Logistic constraints may prevent widespread implementation

FRIDAY, Nov. 21 (HealthDay News) -- Primary screening for colorectal cancer using a new Finnish screening program based on experimental design has proven effective in preventing deaths in the preclinical phase, according to research published Nov. 20 in BMJ Online First.

Nea Malila, M.D., of the Finnish Cancer Registry in Helsinki, Finland, and colleagues estimated the sensitivity of colorectal cancer screening of the fecal occult blood test, randomizing 52,998 adults aged 60 to 69 to the screening arm and 53,002 to the control arm, covering 161 of the 431 municipalities in Finland between 2004 and 2006.

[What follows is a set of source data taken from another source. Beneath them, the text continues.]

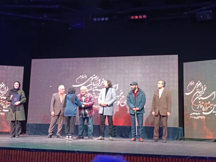بخش گریم: مهشید مرادی طراح گریم نمایش «فایو» از قوچان موفق به کسب جایزه رتبه برگزیده این بخش شد.
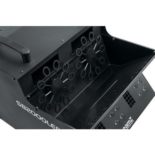 La SB2000LED combine dans un même boîtier, une machine à fumée, une machine à bulles et des LEDs 3-en-1. Le ventilateur de la 2000 crée, chaque minute, une grande quantité de bulles remplies de fumée, générant un effet jet permettant aux bulles de s'envoler. Le système a 18 LEDs de 3 W en rouge, vert et bleu. La SB2000 est facile à remplir, à utiliser et à nettoyer. A la fin du show, vous pourrez très facilement la nettoyer grâce au système de drainage du liquide. Elle possède deux poignées et des roulettes intégrées. Elle accepte tout type de liquide, elle fonctionne au mieux avec le liquide à bulles Beamz (160.575) et le liquide pour machine à fumée Beamz (160.582) pour des animations de très grande qualité.
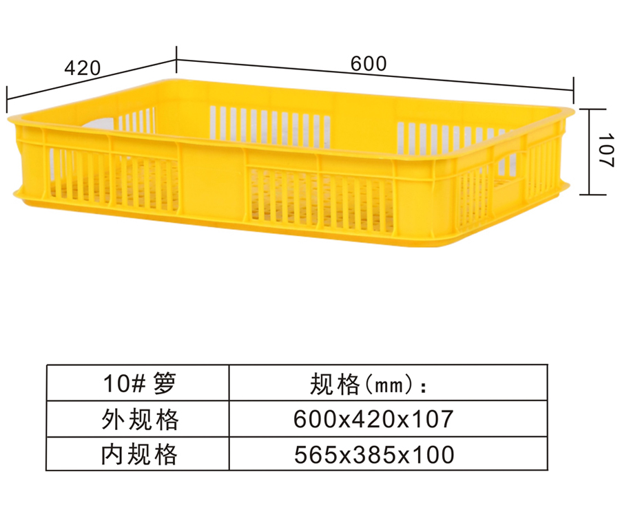 | Color | Low blue,blue,yellow,black,green,red,white,grey,other | Dynamic load | -- | Material | PP,PE | Model | -- | Scope | Fruits, vegetables, machinery parts, refrigeration, storage, transportation and other industries | size | 600×420×107 | Static load | -- | Type | Turnover basket | 100 volume | 2.8m3 | Shelf | -- |
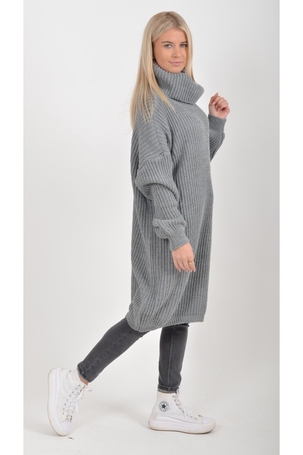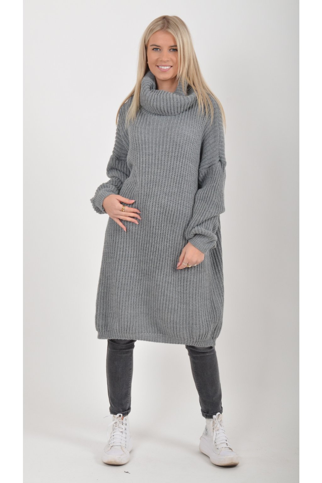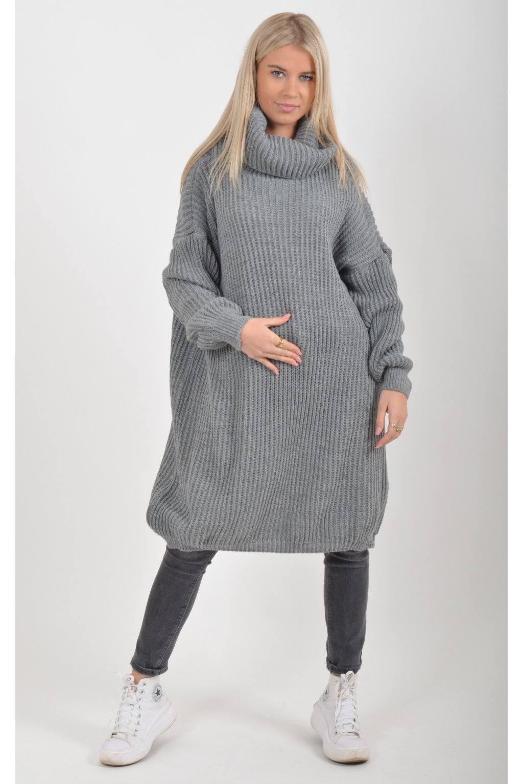 Jednobarevné pletené šaty s rolákem vyrobené z příjemného a nekousavého materiálu.

The fecal occult blood test, episode and program sensitivities were 54.6 percent, 51.3 percent and 37.5 percent, respectively, the report indicates. While test sensitivity refers to the proportion of cancer cases detected in the preclinical phase of the disease, episode sensitivity includes interval cancers missed in between screening tests. Program sensitivity is based on the proportion of total cancers detected among all participants, the authors note.

"Many programs will have to be phased in on the basis of the availability of facilities, the experience of health professionals, and the capacity of the service provider. Also, achieving informed consent from the entire target population for participating in this type of program implementation may be a problem for many countries. Therefore, logistically, randomization may not be possible in many situations, and implementation will depend on local circumstances," write Joan Austoker, Ph.D., and Paul Hewitson, of the University of Oxford, in an accompanying editorial.